Mongo find by regex: return only matching string

2020-04-11 11:07发布

问题:

My application has the following stack:

Sinatra on Ruby -> MongoMapper -> MongoDB

The application puts several entries in the database. In order to crosslink to other pages, I've added some sort of syntax. e.g.:

Coffee is a black, caffeinated liquid made from beans. {Tea} is made from leaves. Both drinks are sometimes enjoyed with {milk}

In this example {Tea} will link to another DB entry about tea.

I'm trying to query my mongoDB about all 'linked terms'. Usually in ruby I would do something like this: /{([a-zA-Z0-9])+}/ where the () will return a matched string. In mongo however I get the whole record.

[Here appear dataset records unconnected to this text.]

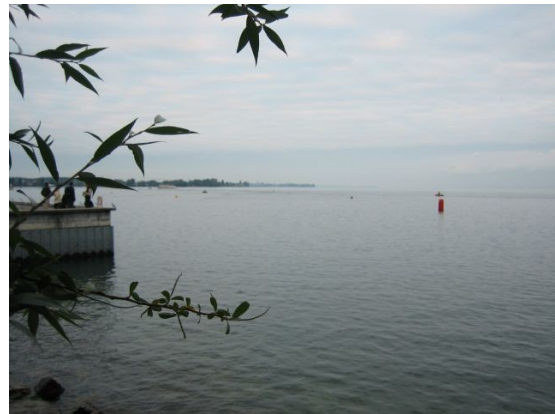
Der glorreiche See
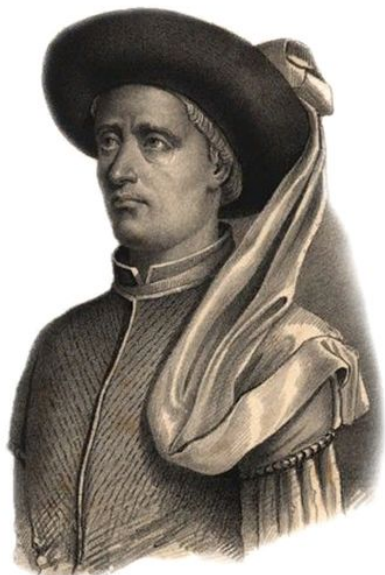
Генрих (Энрике) мореплаватель
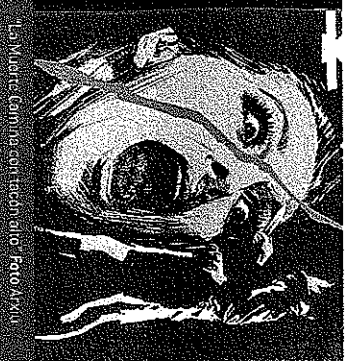
La Morte Coma en escultura

► Un altre sala que també pretén animar l'oferta de música en directe durant aquest 2010 és LOUSE SE VA. La coneguda sala del barri d'Horta acaba de anunciar el següent: "En breu a la sala Louise Se Va tots els divendres a mitja nit tornarem a sentir música en directe. En aquest temps que corren la sala Louise Se Va és conscient de les dificultats que tenen els músics per trobar llocs on poder mostrar les seves creacions, per tant vol facilitar el màxim per que aquests tinguin un lloc on fer-ho". Més info a http://louise.seva.com/ .
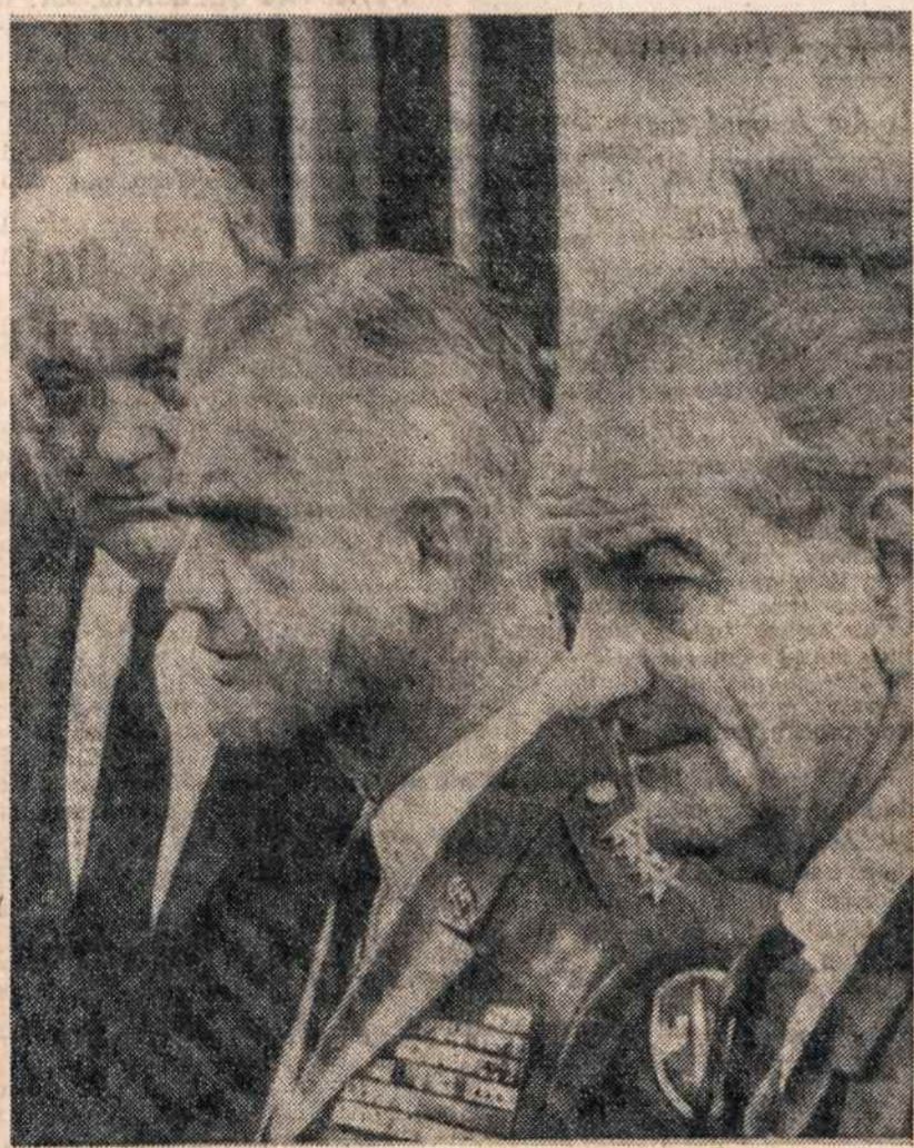
Jie tiki laimėjimu ir pasiryžę jį Amerikai duoti: prezidentas Johnsonas, valstybės sekretorius Rusk, gen. Westmoreland

— Ženevoje balandžio 7 sutiko 4 dienom 49 teologai bei filosofai — protestantų, katalikų, ortodoksų. Jie svarstysią bendrus punktus tarp krikščionybės ir marksizmo. Būdinga, kad iš Sovietų niekas nedalyvauja.
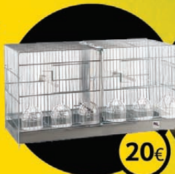
Gàbia cria 60cm
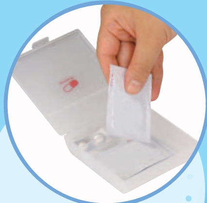
HEC01 テイコブMyカルテ くすり携帯スリムケース
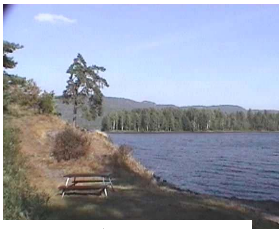
Foto 5.1 Friområdet Kirkevika i Bergsvatnet vil bli berørt av vannledningen.

I Bergsvatnet vil alt. C kunne medføre inngrep i friområdet Kirkevika ved Eidsfoss kirke. Inngrepet vil kunne medføre sår i strandsonen som vil kunne gjøre området mindre attraktivt for friluftsliv og bading. Alt. A antas å ha noe mindre negativ virkning for selve badeplassen, da dette alternativet krysser strandlinjen lenger øst.

How can I get mongo to return me only the matched parts of the record I'm looking for. So for the example above it would return:

["Tea", "milk"]

I'm trying to avoid pulling the entire record into Ruby and processing them there

回答1:

I don't know if I understand.

db.yourColl.aggregate([
{
    $match:{"yourKey":{$regex:'[a-zA-Z0-9]', "$options" : "i"}}
},
{
    $group:{
        _id:null,
        tot:{$push:"$yourKey"}
    }
}])

If you don't want to have duplicate in totuse $addToSet



回答2:

The way I solved this problem is using the string aggregation commands to extract the StartingIndexCP, ending indexCP and substrCP commands to extract the string I wanted. Since you could have multiple of these {} you need to have a projection to identify these CP indices in one shot and have another projection to extract the words you need. Hope this helps.